▸ **What this task involves**
Please reproduce all of the listing below exactly and drop its images.

▸ **Provided material**
########################################

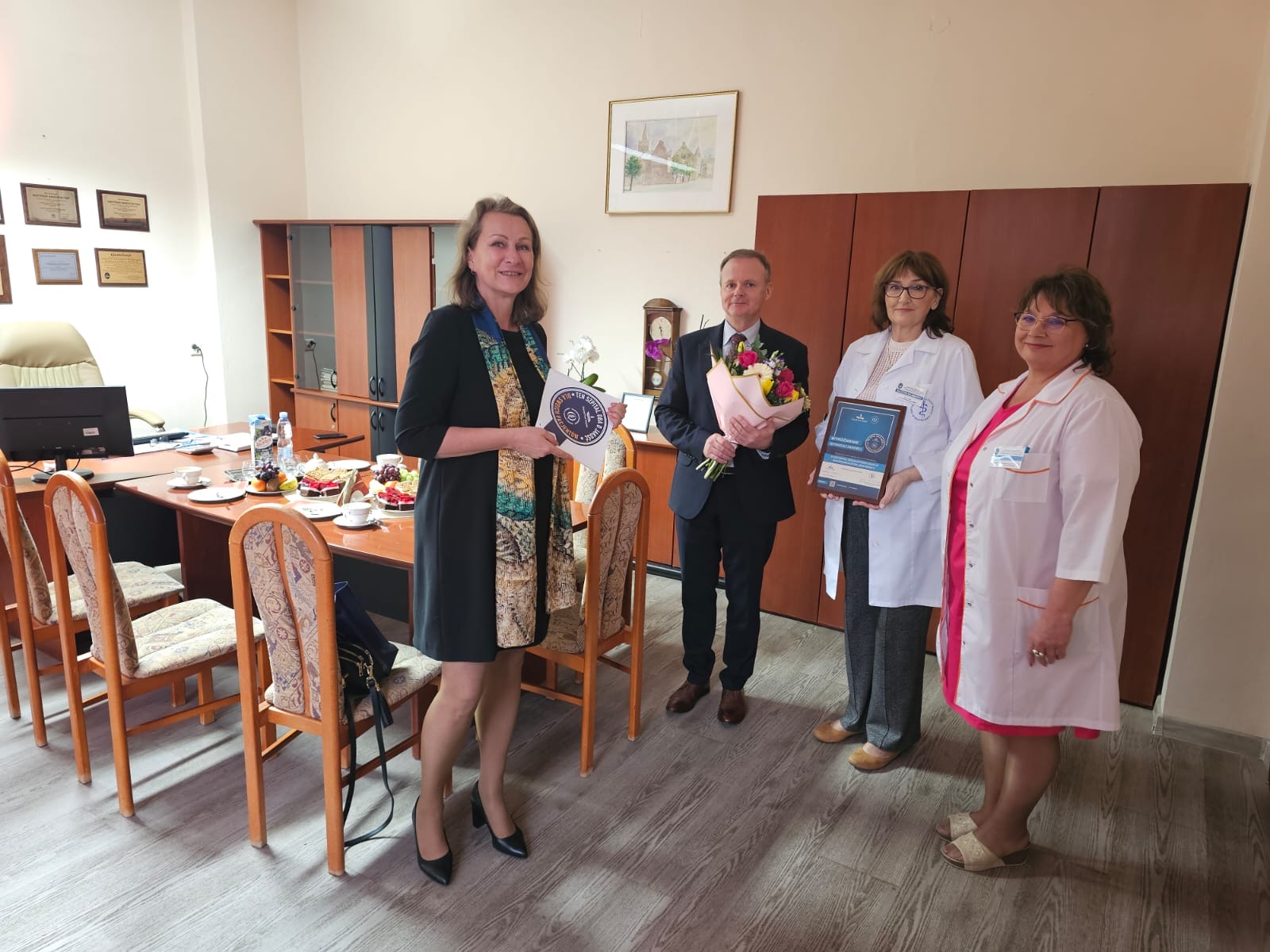W dniu 14.03.2025r. mieliśmy zaszczyt gościć Panią Dyrektor Agnieszkę Pietraszewską-Machetę z Centrum Monitorowania Jakości w Ochronie Zdrowia, która odwiedziła naszą placówkę w celu wręczenia prestiżowego wyróżnienia otrzymanego w projekcie pn. „Wymagaj Jakości”
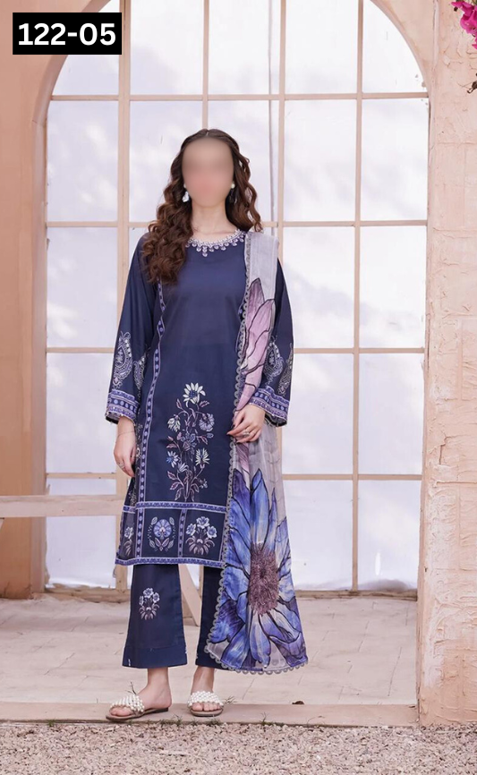 VOL 122 | DS 05 | DIGITAL PRINTED LAWN 3PC BAMBER CHIFFON DUPATTA
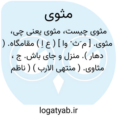 مثوی. [ م َث ْ وا ] ( ع اِ ) مقامگاه. ( دهار ). منزل و جای باش. ج، مثاوی. ( منتهی الارب ) ( ناظم الاطباء ) ( از اقرب الموارد ). جای آرام و قرارگاه. ج، مثاوی. ( آنندراج ). منزل. یقال: نزلوا مثوی مبارکاً؛ ای منزلاً. ج، مثاوی. ( محیط المحیط ). اقامت. جای. منزل. مقام: سقی اﷲ ثراه و جعل الجنة مثواه. ( یادداشت به خط مرحوم دهخدا ): سنلقی فی قلوب الذین کفروا الرعب بما اشرکوا باﷲ ما لم ینزل به سلطاناً و مأویهم النار و بئس مثوی الظالمین. ( قرآن 151/3 ). فأدخلوا ابواب جهنم خالدین فیها فلبئس مثوی المتکبرین. ( قرآن 29/16 ). برادر کامکار را از مثوی و مواسات خویش محروم واز فقدان صحبت والفت خود در هر صباح و مساء مغموم ساخت. ( ترجمه تاریخ یمینی چ 1 تهران ص 456 ).

########################################

▸ **Exercise answer**
W dniu 14.03.2025r. mieliśmy zaszczyt gościć Panią Dyrektor Agnieszkę Pietraszewską-Machetę z Centrum Monitorowania Jakości w Ochronie Zdrowia, która odwiedziła naszą placówkę w celu wręczenia prestiżowego wyróżnienia otrzymanego w projekcie pn. „Wymagaj Jakości”
 VOL 122 | DS 05 | DIGITAL PRINTED LAWN 3PC BAMBER CHIFFON DUPATTA
 مثوی. [ م َث ْ وا ] ( ع اِ ) مقامگاه. ( دهار ). منزل و جای باش. ج، مثاوی. ( منتهی الارب ) ( ناظم الاطباء ) ( از اقرب الموارد ). جای آرام و قرارگاه. ج، مثاوی. ( آنندراج ). منزل. یقال: نزلوا مثوی مبارکاً؛ ای منزلاً. ج، مثاوی. ( محیط المحیط ). اقامت. جای. منزل. مقام: سقی اﷲ ثراه و جعل الجنة مثواه. ( یادداشت به خط مرحوم دهخدا ): سنلقی فی قلوب الذین کفروا الرعب بما اشرکوا باﷲ ما لم ینزل به سلطاناً و مأویهم النار و بئس مثوی الظالمین. ( قرآن 151/3 ). فأدخلوا ابواب جهنم خالدین فیها فلبئس مثوی المتکبرین. ( قرآن 29/16 ). برادر کامکار را از مثوی و مواسات خویش محروم واز فقدان صحبت والفت خود در هر صباح و مساء مغموم ساخت. ( ترجمه تاریخ یمینی چ 1 تهران ص 456 ).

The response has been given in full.